In order to achieve a modest surplus in 2026, the Republican Budget estimate includes the dynamic impact of the stimulatory effects of policy changes. Compared to CBO’s baseline, the HRB shows lower mandatory outlays and higher revenues resulting from legislation enacted late in 2015 that made certain tax provisions permanent. In addition, CBO projects that the repeal of the Affordable Care Act would boost GDP and increase the labor supply. In total, policy changes and debt service savings would lower the debt by an additional $241 billion over ten years.

The HRB would also make use of reconciliation, a budgetary process that allows for expedited consideration of certain tax and spending reforms. Reconciliation was used to help pass the ACA, but was also used in the past to advance significant spending reforms and the tax cuts of 2001 and 2003. This process was also used last year to pass legislation repealing parts of the ACA, which was ultimately vetoed.

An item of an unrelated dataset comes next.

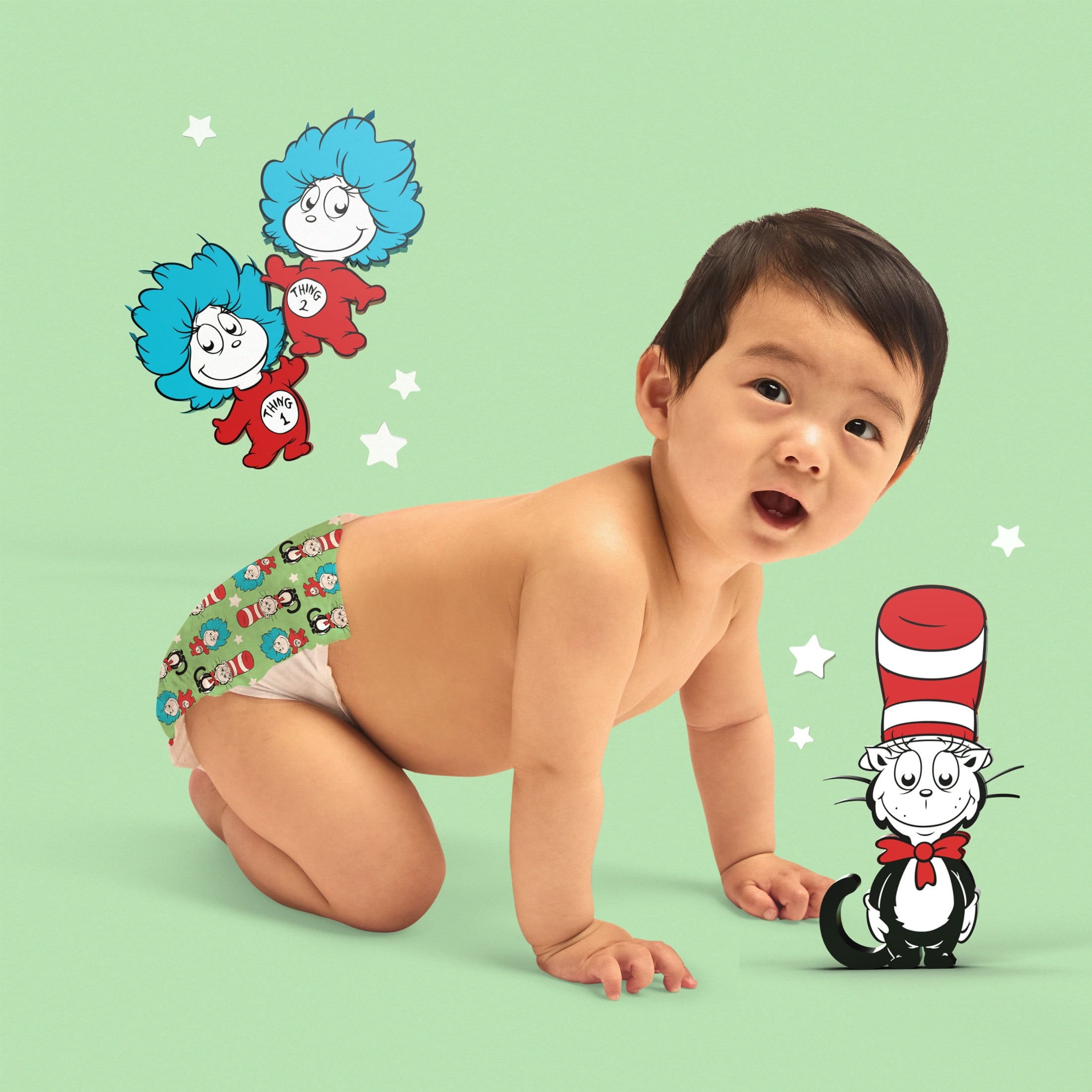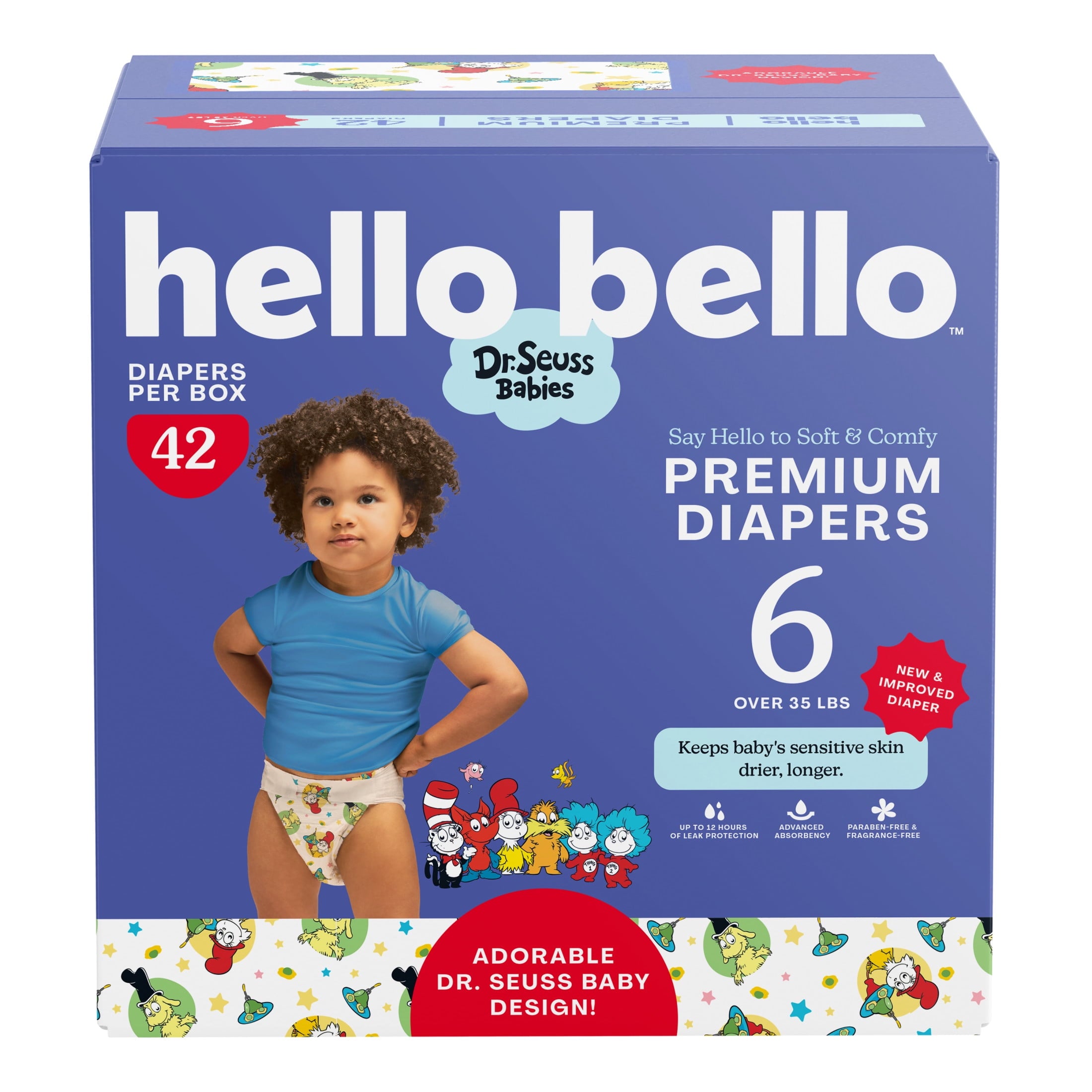 Get ready for sweet smiles and supremely snuggly moments with Hello Bello Dr. Seuss Babies Premium Diapers! We've crafted an even better diaper for your little one, expertly designed to keep their sensitive skin drier, longer. Our diapers are genuinely gentle and softer than ever, and are made with ingredients we can be proud of. You can trust the absorbent core to swiftly wick moisture away from baby’s skin (even through multiple wettings) keeping baby nice and dry and providing serious leak protection. And, of course, there are those irresistibly cute Dr. Seuss Baby designs! Includes (1) 66ct club box of disposable lotion-free baby diapers in unisex Baby Seuss Lil Cat & Things designs for Infants (Size 3).

It is important to pass a resolution in order to proceed with reconciliation. It also makes it easier to pass the regular appropriations bills, a preferable option for taxpayers than the prospect of a massive omnibus spending package that must be passed in a rush before the end of the fiscal year deadline.

The next step in the budget process is expected next week with debate and votes on Price’s resolution. However, the HRB faces opposition from some conservative Members of the House who are disappointed that it adheres to a budget agreement from last fall to increase spending. They would prefer to see additional immediate spending cuts to make a bigger dent in the deficit. They will soon unveil their own budget alternatives, as will Democratic House caucuses. At this time, though, the outcome of votes on the budget resolutions remain uncertain.